The system continuously improved this process, recently allowing patrons to sign up for automatic e-mail notifications when hold items became available or checked out items were almost due.

Many accuse government - and particularly the organs of municipal government - to eschew the adoption of technology forever.
Bureaucracy, the claim goes, destroys innovation and public employee unions will fight tooth and claw to prevent the adoption of efficiencies that might reduce or slow the growth of public employee headcount.

Not so the county library system. The refurbished library now contains eight brand-new self-check-out kiosks, similar to self-checkout stands in supermarkets.

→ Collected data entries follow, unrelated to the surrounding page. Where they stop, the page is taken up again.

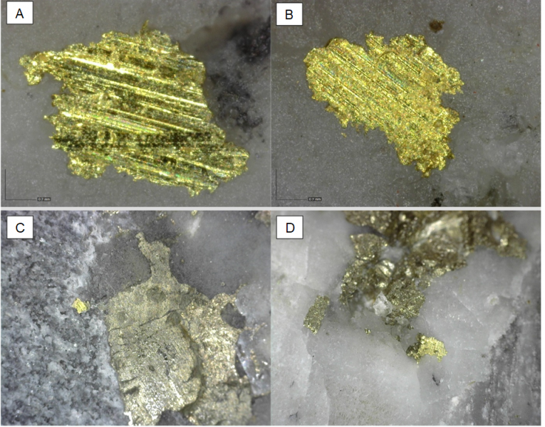 In 2021, step-out drilling to the east and west of the Powerline Deposit identified a near/on-surface gold trend that is interpreted to have grade continuity over 1.2 kilometres of strike length (see Banyan’s news release dated January 10, 2022). A section of this zone has been drilled at 25 m centres, along cardinal and intercardinal directions, over a 200 m x 200 m area to test the continuity of mineralization along strike and down dip, which will be used to refine the geological/mineralization model of the Powerline Deposit in advance of an updated mineral resource estimate the Company is planning to complete in Q2- 2022. Results from the Powerline Deposit received to date are summarized separately in Table 2 and their locations are shown in Figure 2. Visible gold from four (4) of these holes is shown in Image 1.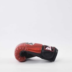 - Elegant Aesthetics: The metallic red exterior is complemented by black accents and detailed stitching, giving these gloves a modern and professional look. The iconic RAJA Boxing logo and crown emblem signify the brand’s premium quality and heritage.
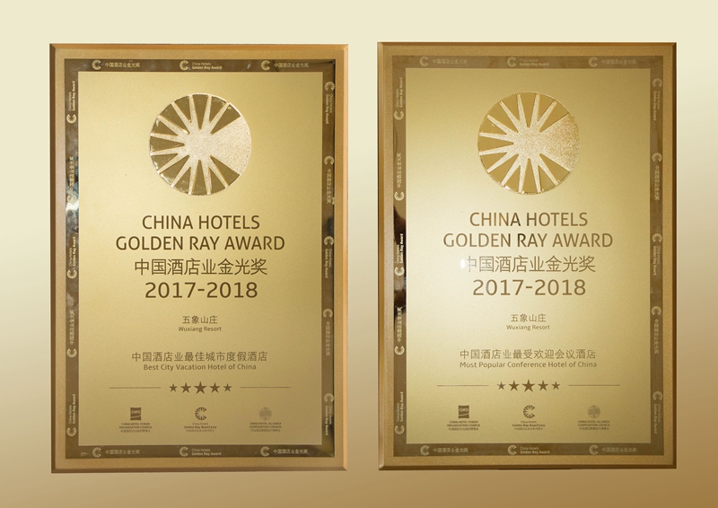 2018年4月21日,在2017-2018中國酒店業(yè)金光獎頒獎典禮上,南寧五象山莊一舉摘得“中國酒店業(yè)最佳城市度假酒店”和“中國酒店業(yè)最受歡迎會議酒店”兩項大獎。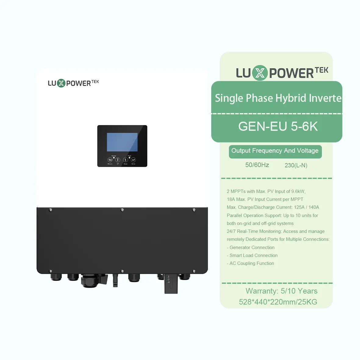 Der neueste Luxpower Gen2-LB-EU 3-6K ist das direkte Upgrade des Gen-LB-EU 3-6K, der überlegene Leistung und Belastbarkeit liefert. Mit Dual MPPT -Trackern maximiert es die Solarernte mit einem 9,6 -kW -maximalen PV -Eingang. Jedes MPPT unterstützt 18a und arbeitet effizient über einen breiten Eingangsbereich von 100–530 V.
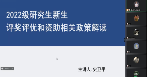 为帮助新生更好地了解研究生评奖评优和资助政策,加强对新生的励志教育与感恩教育。2022年9月8日晚,beat365在线唯一官网举行新生评奖评优和资助相关政策解读线上讲座。本次讲座由辅导员史卫平主讲,2022级全体新生线上参加讲座。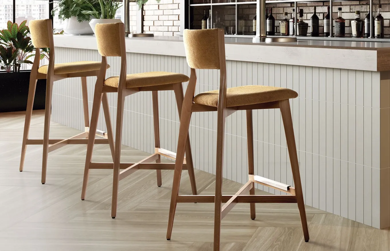 El taburete Leger destaca por su diseño pintoresco y fresco, su apariencia es rústica pero con un toque contemporáneo. Leger tiene una estructura atípica que le diferencia del resto. Su respaldo sobresale, sus cuatro patas se unen en cruz y su asiento es ideal para cualquier rincón de la estancia.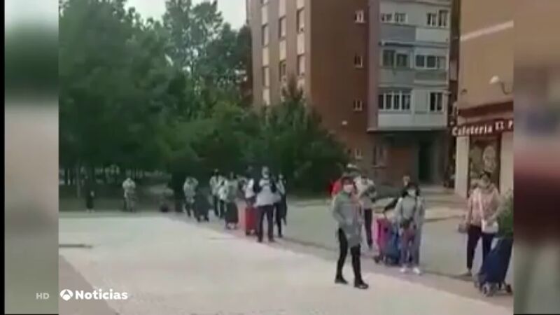 En la calle Quero del barrio madrileño de Aluche se forman largas colas para recoger comida que una asociación de vecinos está repartiendo en un local del barrio para familias vulnerables afectadas por la crisis del coronavirus.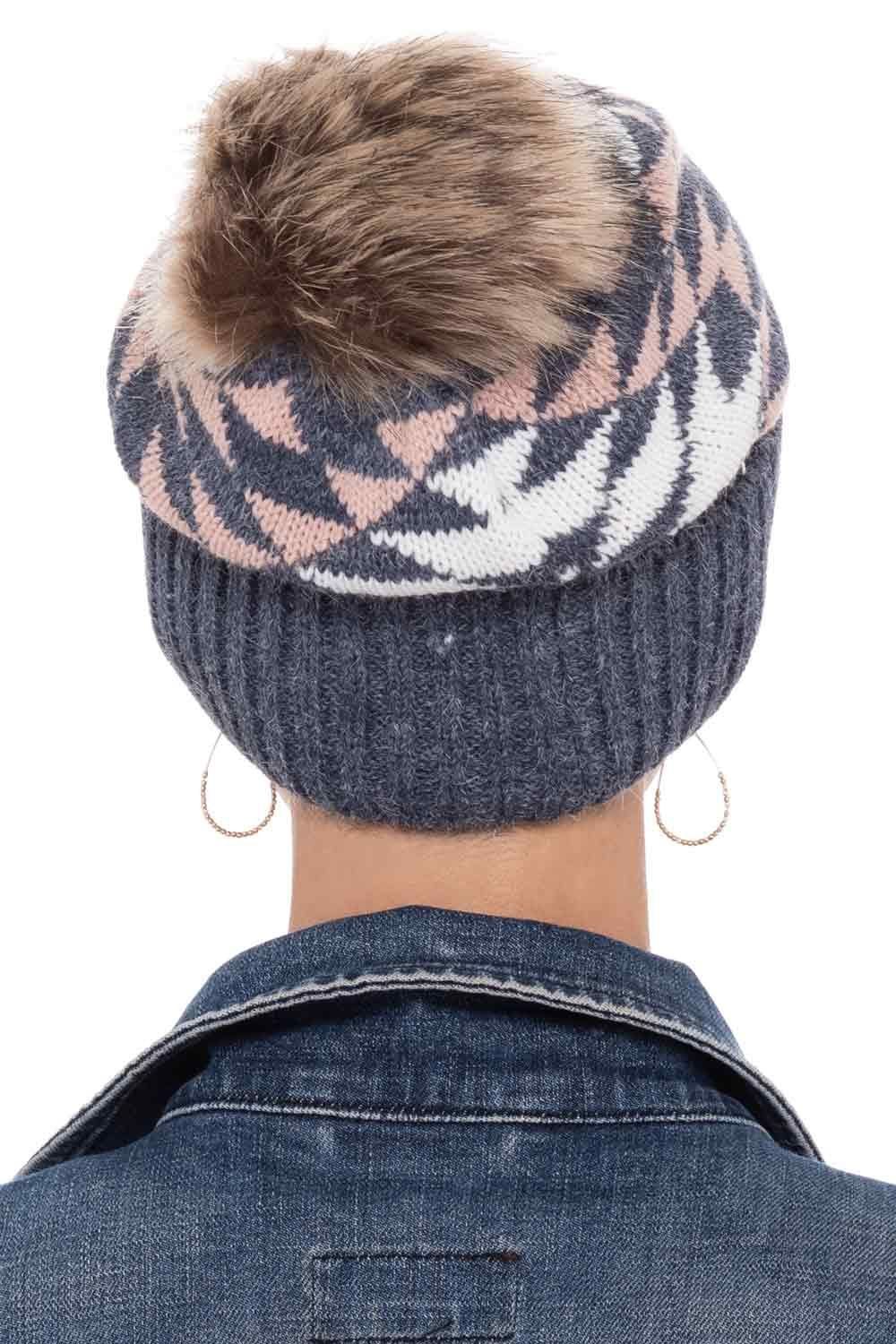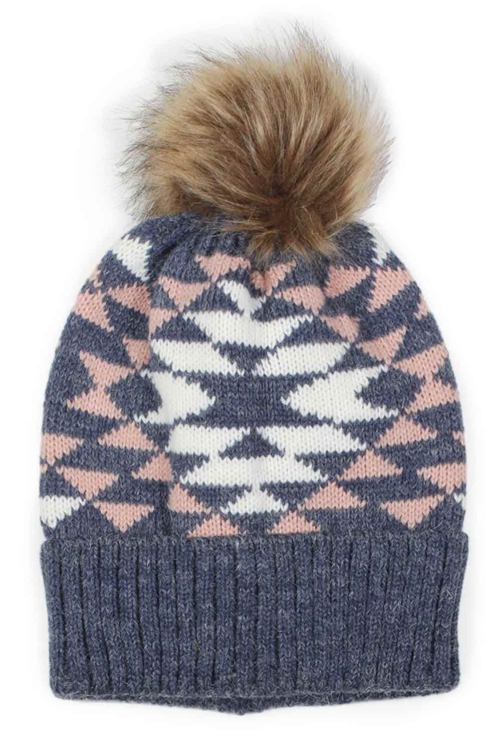 Aztec Faux Fur Pom-Pom Beanie Hat | Stylish Winter Beanie Hats for Women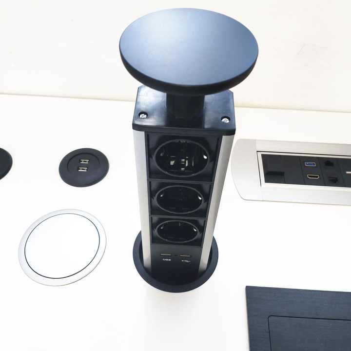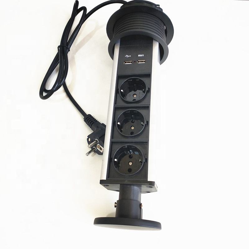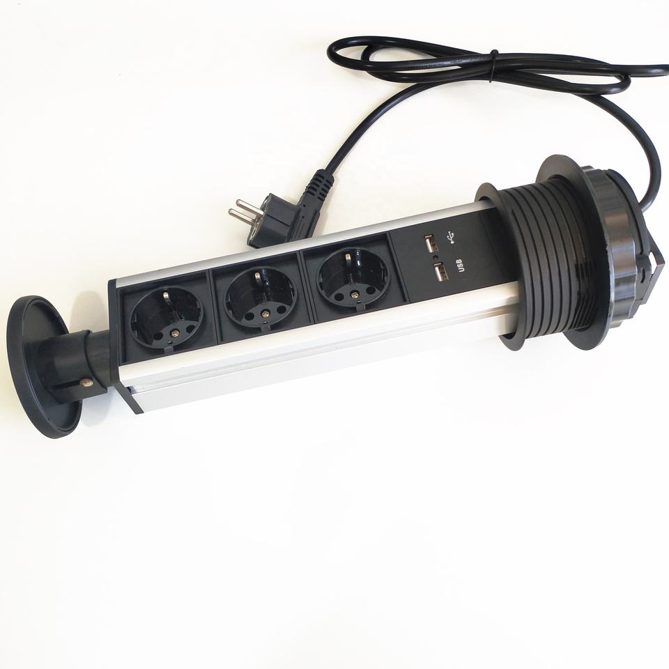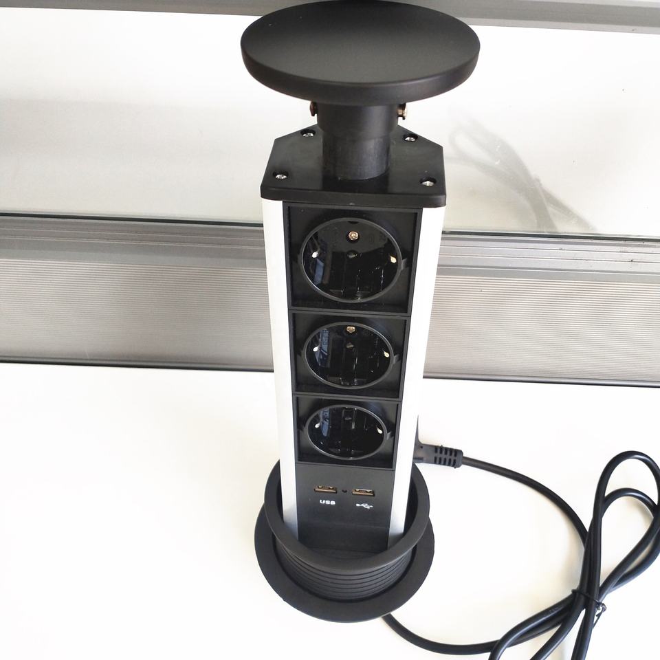 Enchufe de Torre Retráctil Oculto para Escritorio/Cocina con 3 Tomas de Corriente de 10A, 2 Puertos USB y Enchufe Universal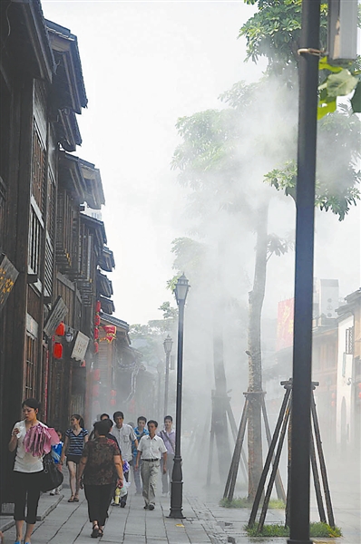 7月4日,被市民称为“大空调”的福州南后街水雾降温系统一经投入使用就吸引了许多市民和游客前来消暑。据了解,福州市古街水雾降温系统主要安装在南后街南北口风雨廊、蓝建枢故居外侧和南后街中段屋檐及大树上,大约每米布一喷雾口,不定时喷出的水雾可降温6℃左右。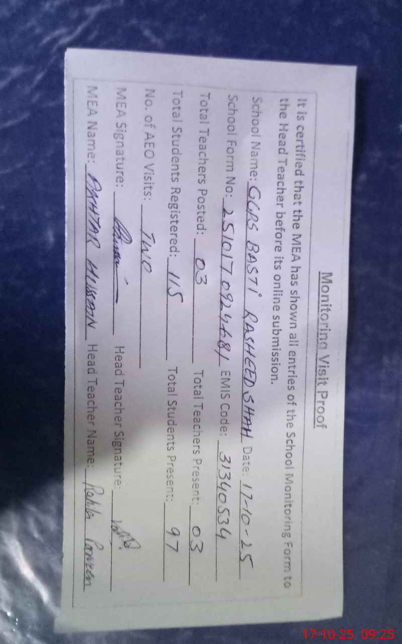 | EMIS Code: 31340534 | Name of School: GGPS BASTI RASHID SHAH | |||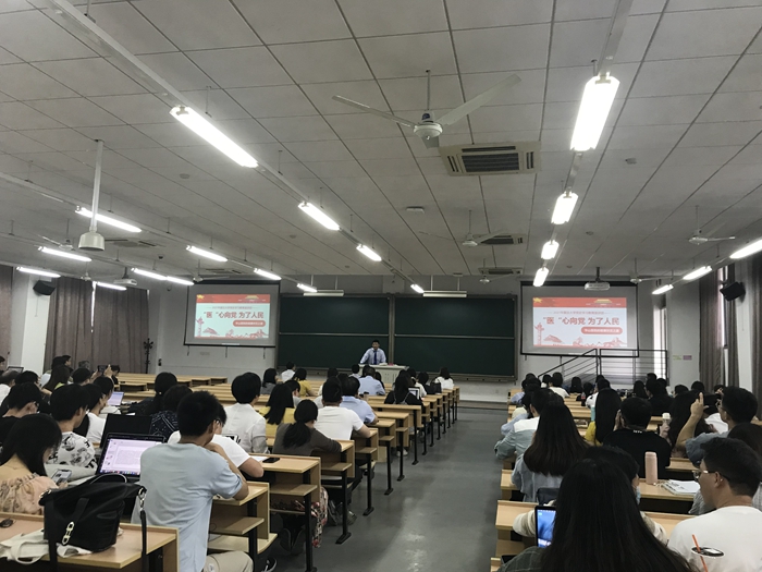 为扎实推进党史学习教育,引导全体师生党员从党的光辉历史中汲取砥砺奋进的精神力量,2021年6月3日下午,h漫 在张江校区第二教学楼Z2306教室举办党史学习教育宣讲会,邀请到h漫 党史学习教育宣讲团专家、h漫 附属华山医院副主任医师熊祖泉作题为《‘医’心向党 为了人民》的精彩报告。h漫 副院长张雪梅主持会议,全院近200名师生党员参加学习。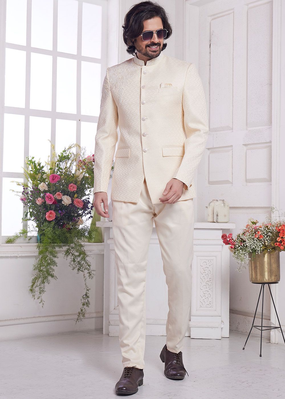 Cream Embroidered Bandhgala Jodhpuri Jacket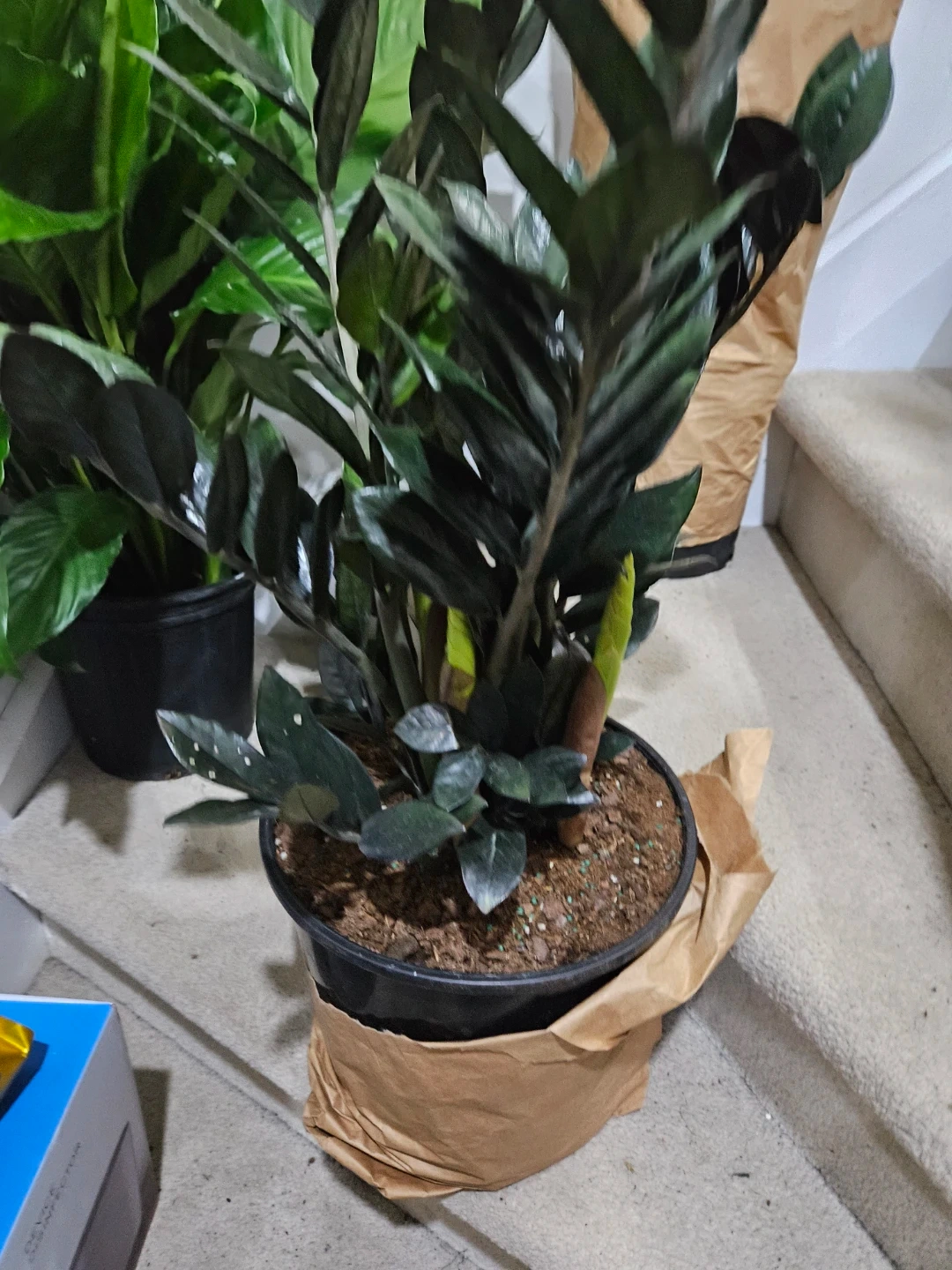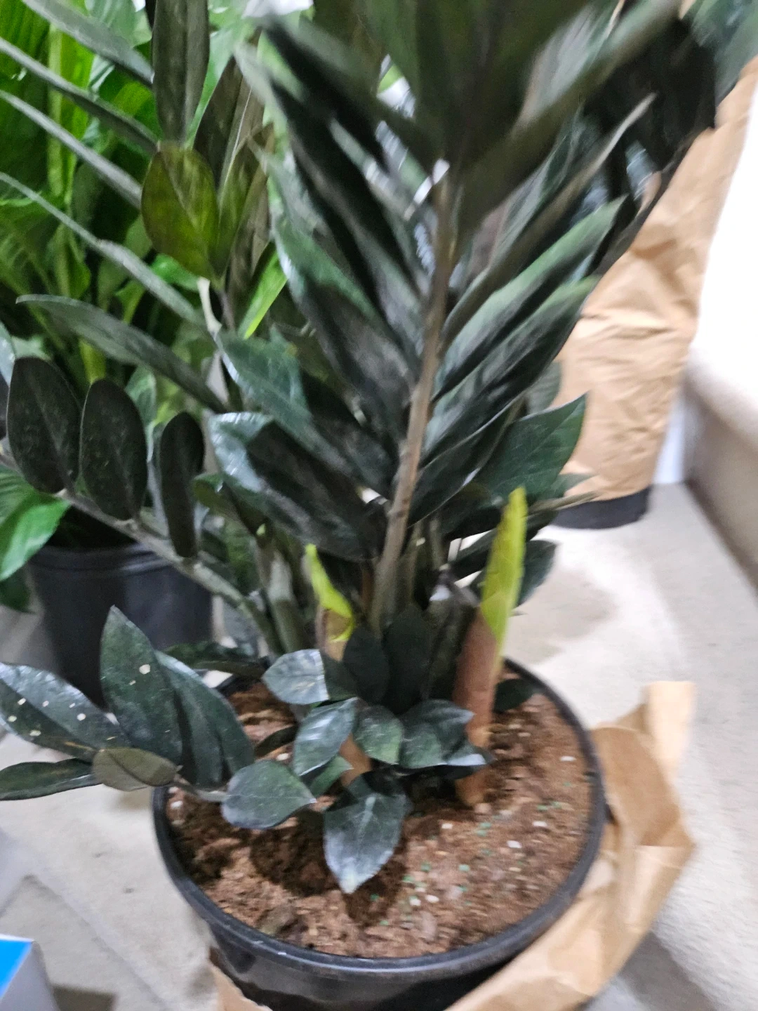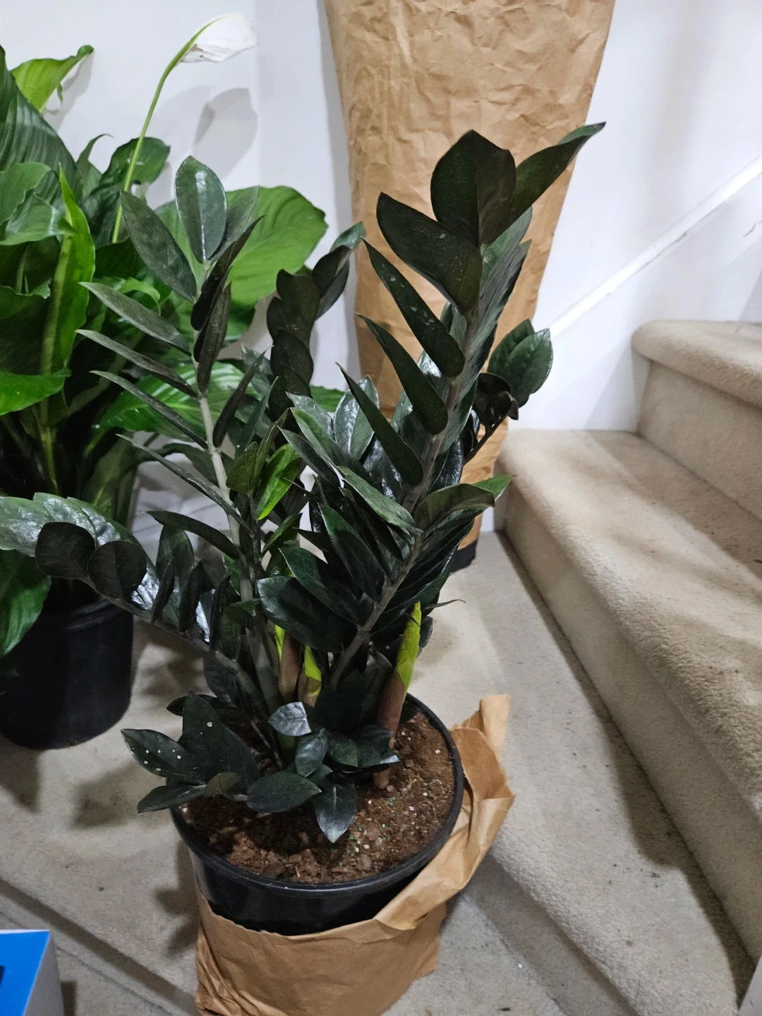 Dark green ZZ plant in a black pot. It's a low-maintenance houseplant known for its attractive glossy leaves. Comes with original brown paper wrapping.

We used the kiosks entirely on our visit last Sunday, with the help of a particularly enthusiastic and friendly young man facilitating the implementation of nearly complete self-service at the library.

I checked out two books on CD (one should never waste the opportunity of a long commute to make one well-read in the areas of fiction and other literature) - one from the Valencia branch and another ordered from a far-flung branch. Our youngest son checked out two books on pollution for a freshman composition paper.

Meanwhile, our grandson, whom I had charge of for the weekend, contented himself playing with Legos in the branch's friendly children's section.

So if you feel down and don't think anything works anymore in the city or county, I encourage you to visit the county library branch nearest you.

A strong possibility exists that our constant Cassandra-like howlings probably exaggerate the scope of negativity and doomsaying, but isn't that almost always the case?

Tim Myers is a Valencia resident. His column reflects his own views and not necessarily those of The Signal. "Myers' Musings" appears Sundays in The Signal.